Energy & Environment

Does the Gulf of Mexico Hold as Much Oil as Saudi Arabia?

Mexico’s giant Cantarell oil field, in the Gulf of Mexico off the Yucatan, was supposedly discovered in 1976 after a fisherman named Cantarell reported an oil seep in the Campeche Bay.  Last week, Mexico announced finding another giant oil field off Veracruz, the Noxal, estimated to hold more than 10 billion barrels of oil.

Exploration yielded surprising results. It turned out that Mexico’s richest oil field complex was created 65 million years ago, when the huge Chicxulub meteor impacted the Earth at the end of the Mesozoic Era.  Scientists now believe that the Chicxulub meteor impact was the catastrophe the killed the dinosaurs, as well as the cause for creating the Cantrell oil field.

The impact crater is massive, estimated to be 100 to 150 miles (160 to 240 kilometers) wide.  The seismic shock of the meteor fractured the bedrock below the Gulf and set off a series of tsunami activity that caused a huge section of land to break off and fall back into the crater under water. 

Proponents of the abiotic, deep-earth theory of the origin of oil point argue that the deep fracturing of the basement bedrock at Cantarell caused by the meteor’s impact was responsible for allowing oil formed in the Earth’s mantle to seep into the sedimentary rock that settled in the huge underwater crater.  Geologists have documented that the bedrock underlying the crater shows “melt rock veinlets pointing to large megablock structures as well as a long thermal and fluid transport” as part of the post-impact history.
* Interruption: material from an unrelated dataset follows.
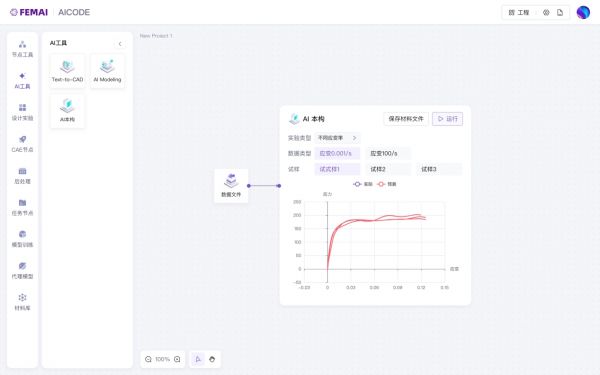 FEMAI/AICoDe 平台是由清航飞迈推出的一款深度融合人工智能的智能化CAE工作台,通过大语言模型微调与自研算法相结合,可自主调用模块化工具搭建工作流,一站式完成实验采样、批量仿真、特征工程、模型训练及智能优化等问题。
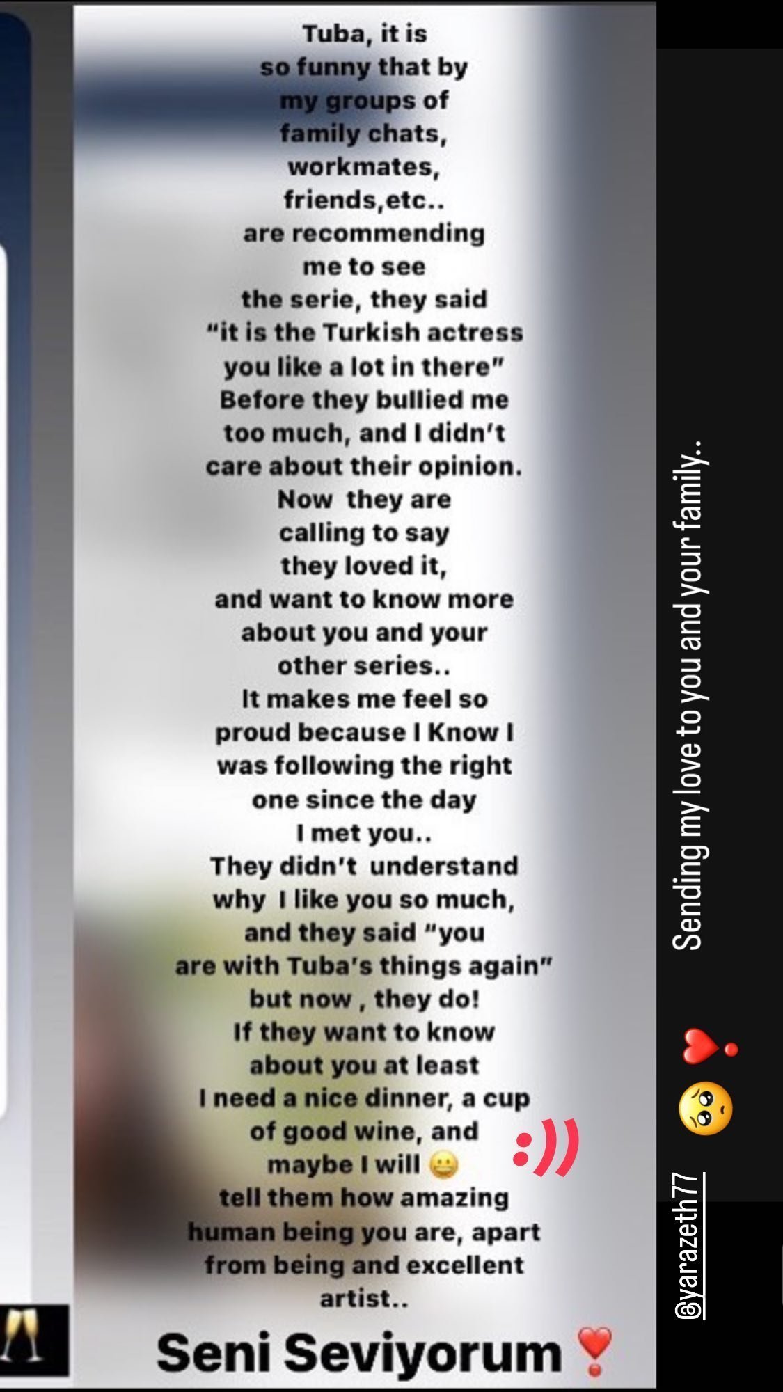 1.Туба, толкова е смешно, че моите семейни чат групи, колеги от работа, приятели и т.н. препоръчват ми да гледам сериала, казват: "Има една турска актриса, която много харесваш." Преди това много ми се подиграваха, но не ме интересуваше мнението им. Сега ми се обаждат, че и на тях им е харесало и искат да разберат повече за вас и другите ви предавания..Това ме кара да се чувствам толкова горда, защото знаех, че следвам правилния път от деня, в който те опознах. Те не разбраха защо те харесвам толкова много и казаха: „Ти пак нещо за Туба“, но сега ме разбират! Ако искат да научат повече за теб, поне имам нужда от добра вечеря, чаша хубаво вино и може би ще им кажа какъв невероятен човек си, да не говорим, че си страхотна актриса..

In other words, the bedrock at Cantarell did suffer sufficiently severe fracturing to open the bedrock to flows of liquids and gases from the deep earth below. 

An important, but neglected, study of the bedrock underlying the Saudi oil fields provided strong evidence that the oil fields resulted from fractures and faults in the basement rock, not from a disproportionately large number of dinosaurs having died for some reason or another uniquely on the Arabian Peninsula.   The study published in 1992 by geologist H.S. Edgell  http://perso.wanadoo.fr/brcgranier/gmeop/Edgell_1992.htm  argued that the Saudi oil fields, including the giant field at Ghawar, were “produced by extensional block faulting in the crystalline Precambrian basement along the predominantly N-S Arabian Trend which constitutes the ‘old grain’ of Arabia.”  

In other words, according to the abiotic, deep earth theory of oil’s origin, we do not have to assume that all the dinosaurs herded like Elephants to Saudi Arabia at the end of the Mesozoic Era, where they died in a giant heap that produced oil.  Bedrock cracks, whether or not due to meteor impacts, can serve to open the above sedimentary layers to trap oil deposits seeping upward.

Until the 1960s, geologists considered collisions of extraterrestrial objects with the Earth as interesting, but not necessarily important.  Since Cantarell was discovered, geologists have come to realize that the intense shock waves generated in meteor impact events have significantly shaped Earth’s surface, distributed its crust, and fractured its bedrock.  Over 150 individual geological structures, many masked over by subsequent sedimentary deposits, have been identified as important, ranging from circular impact bowls measuring from only a few kilometers in diameter to as much as 200 kilometers (approximately 125 miles) in diameter.  Moreover, Cantarell has stimulated interest in meteor impact structures as potential locations to explore in order to find oil producing sites. 

In recent years, we have only begun exploring the Gulf of Mexico for oil.  So far the results are impressive.  Instead of imploring Congress to examine the oil producing potential of wood chips and switch grass, President Bush may be better advised to press ahead to extend oil exploration into the Gulf of Mexico to the limits current technology will permit.

Wouldn’t the Bush administration and other “peak oil” advocates be surprised to find that a resource as close as the Gulf of Mexico might just rival the 260 billion barrels of oil reserves Saudi Arabia currently claims?